> Data in this exercise

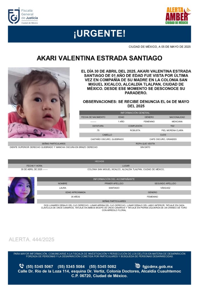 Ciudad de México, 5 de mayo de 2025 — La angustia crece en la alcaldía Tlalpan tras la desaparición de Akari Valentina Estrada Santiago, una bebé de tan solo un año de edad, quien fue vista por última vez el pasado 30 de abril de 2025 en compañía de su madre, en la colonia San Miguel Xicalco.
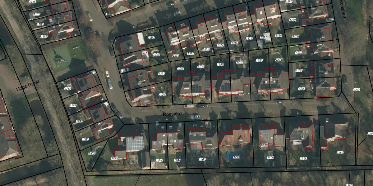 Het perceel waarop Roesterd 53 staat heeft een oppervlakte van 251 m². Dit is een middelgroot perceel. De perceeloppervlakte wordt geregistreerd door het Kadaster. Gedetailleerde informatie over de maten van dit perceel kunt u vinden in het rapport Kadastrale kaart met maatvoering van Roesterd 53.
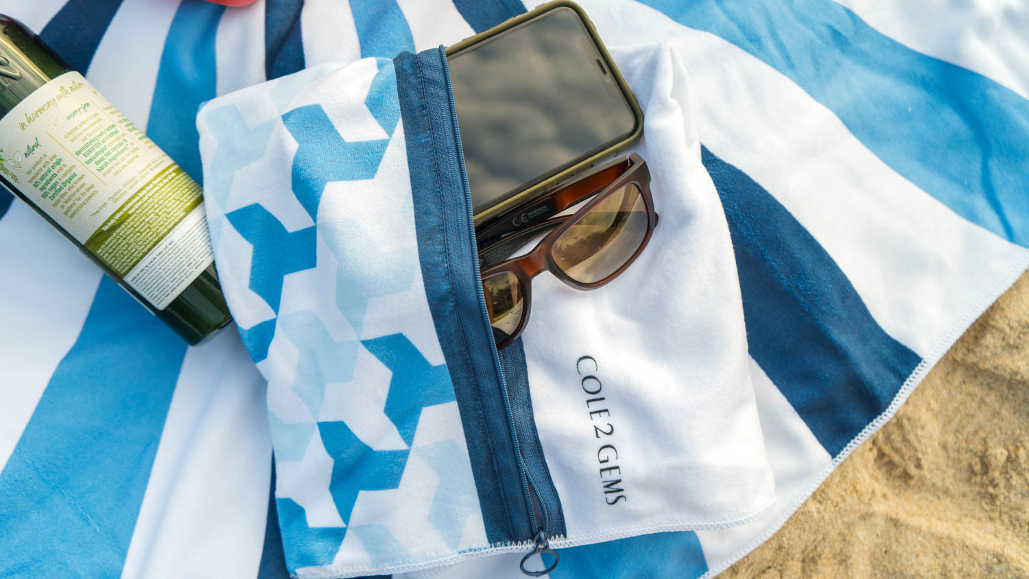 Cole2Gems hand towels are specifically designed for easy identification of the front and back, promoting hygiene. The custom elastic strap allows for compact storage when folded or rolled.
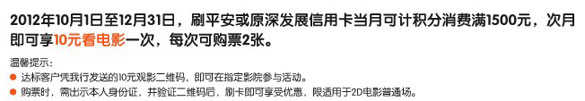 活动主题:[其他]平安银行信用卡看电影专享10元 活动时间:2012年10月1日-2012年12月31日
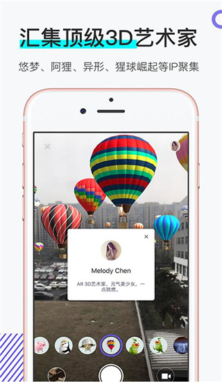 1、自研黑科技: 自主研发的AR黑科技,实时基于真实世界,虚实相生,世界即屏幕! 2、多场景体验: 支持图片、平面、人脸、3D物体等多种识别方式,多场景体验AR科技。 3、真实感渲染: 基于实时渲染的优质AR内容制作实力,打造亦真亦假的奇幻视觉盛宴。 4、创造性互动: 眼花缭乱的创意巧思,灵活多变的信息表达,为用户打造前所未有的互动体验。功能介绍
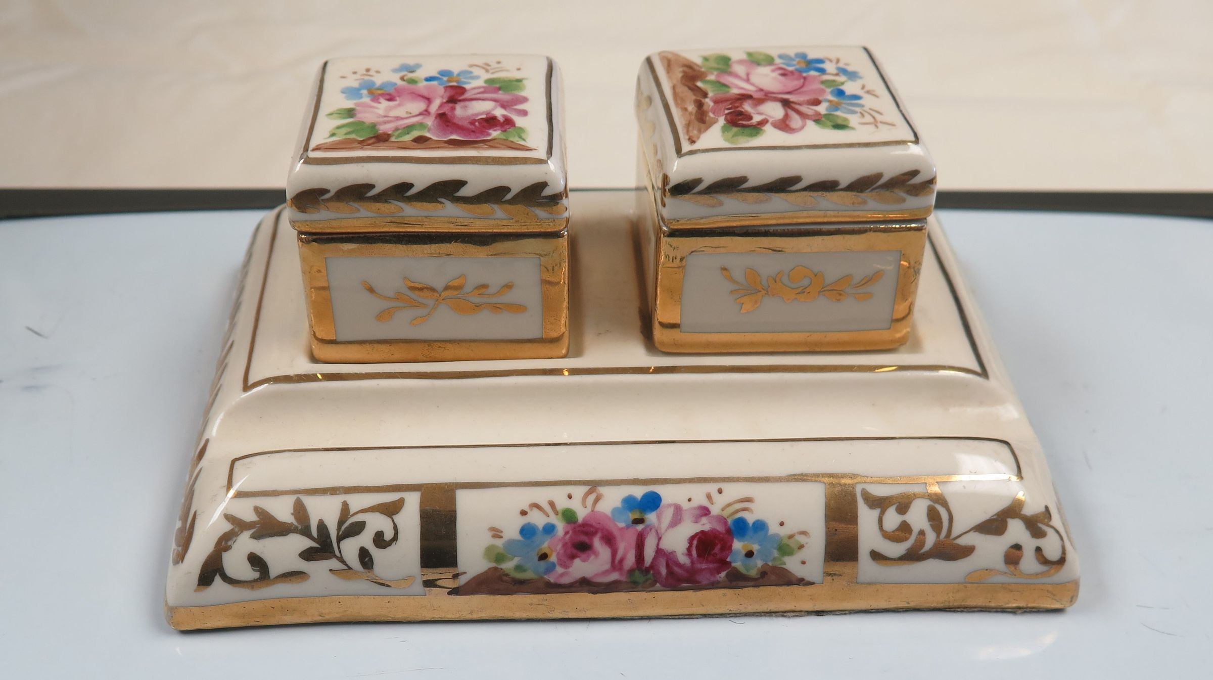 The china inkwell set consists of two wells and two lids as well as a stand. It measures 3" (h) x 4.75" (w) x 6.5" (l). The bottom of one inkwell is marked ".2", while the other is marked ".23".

> Activity
The full listing, transcribed exactly and without its pictures, is the expected result.

> Solution to this problem
 Ciudad de México, 5 de mayo de 2025 — La angustia crece en la alcaldía Tlalpan tras la desaparición de Akari Valentina Estrada Santiago, una bebé de tan solo un año de edad, quien fue vista por última vez el pasado 30 de abril de 2025 en compañía de su madre, en la colonia San Miguel Xicalco.
 Het perceel waarop Roesterd 53 staat heeft een oppervlakte van 251 m². Dit is een middelgroot perceel. De perceeloppervlakte wordt geregistreerd door het Kadaster. Gedetailleerde informatie over de maten van dit perceel kunt u vinden in het rapport Kadastrale kaart met maatvoering van Roesterd 53.
 Cole2Gems hand towels are specifically designed for easy identification of the front and back, promoting hygiene. The custom elastic strap allows for compact storage when folded or rolled.
 活动主题:[其他]平安银行信用卡看电影专享10元 活动时间:2012年10月1日-2012年12月31日
 1、自研黑科技: 自主研发的AR黑科技,实时基于真实世界,虚实相生,世界即屏幕! 2、多场景体验: 支持图片、平面、人脸、3D物体等多种识别方式,多场景体验AR科技。 3、真实感渲染: 基于实时渲染的优质AR内容制作实力,打造亦真亦假的奇幻视觉盛宴。 4、创造性互动: 眼花缭乱的创意巧思,灵活多变的信息表达,为用户打造前所未有的互动体验。功能介绍
 The china inkwell set consists of two wells and two lids as well as a stand. It measures 3" (h) x 4.75" (w) x 6.5" (l). The bottom of one inkwell is marked ".2", while the other is marked ".23".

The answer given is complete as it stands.